Many believe Isaac's intricate structures influenced the innovative Viennese modern composer Anton Webern (who in 1909 prepared the first modern edition of Choralis Constantinus, volume II). Isaac's motet O decus, to be sung Saturday, shows why: It anticipates modern composers' fascination with additive processes and palindromes. In O decus, one voice sings a rising scale additively --- first singing the lowest first pitch, starting again but adding the second pitch, starting again but adding the third, and so forth --- what the 12 Days of Christmas carol does with gifts, it does with pitches. Then the process goes backwards.

When the Hapsburg Empire fell in WWI, the modern edition of Choralis Constantinus remained incomplete. Louise Cuyler picked up the torch in 1948. She prepared the modern edition of volume III and did her dissertation on it at Rochester's Eastman School.

As Musica Spei planned its anniversary, it approached Macey to "dust off a worthy but unknown piece of music," says Marcus. Macey suggested he'd prepare an updated edition of the Mass Propers for St.
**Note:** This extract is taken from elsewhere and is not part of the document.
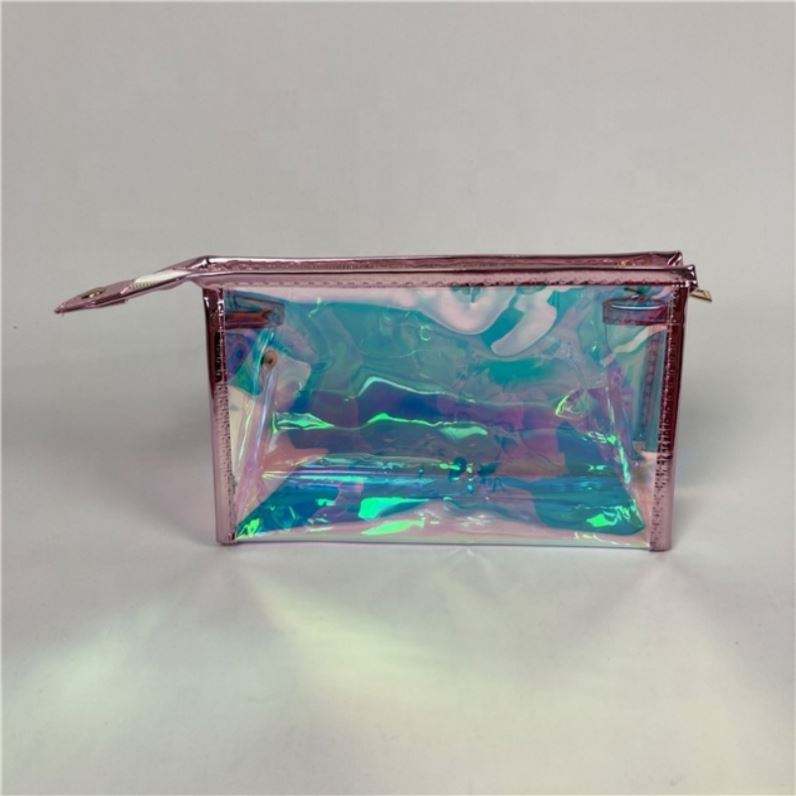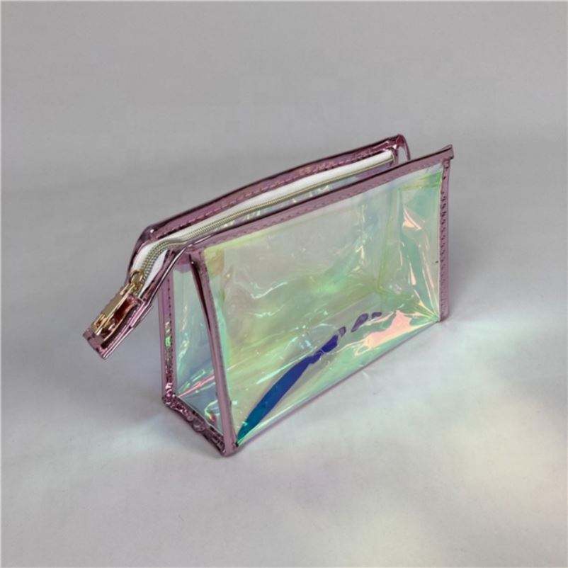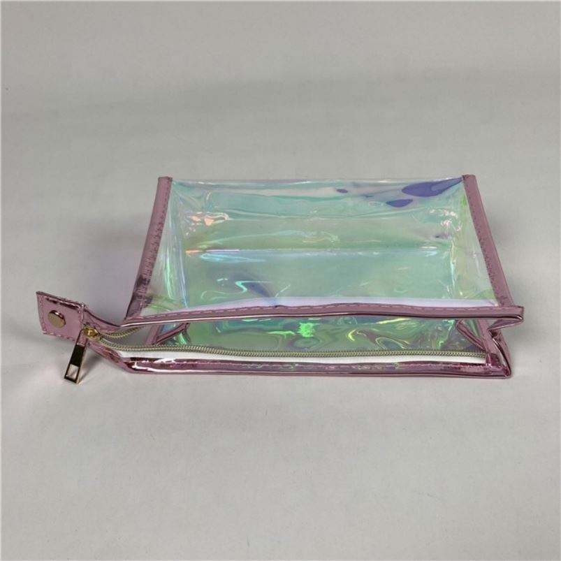 Hologram Cosmetic Bag Pvc Pink Clear Pvc Make up Bag Zipper Transparent Pvc Holographic Ziplock Bags Fashion

John the Baptist from Choralis Constantinus, volume II.

The update was needed because scholars in Webern's time didn't understand the intricacies of Isaac's notation. To save paper and "test the wits of singers," says Macey, Isaac omitted some voice parts, expecting singers to derive them from formulas they deciphered.

Musica Spei gave the world premiere on June 3 in Canandaigua. It was probably the only performance since Isaac's time and the only one outside of Constance Cathedral.

"I think the group is greatly enjoying the sense of wonder and discovery," says Marcus, "and the feeling that perhaps few people, if anyone, have ever heard or sung this music in recent times."

The repeat performance on Saturday is our chance to join the adventure.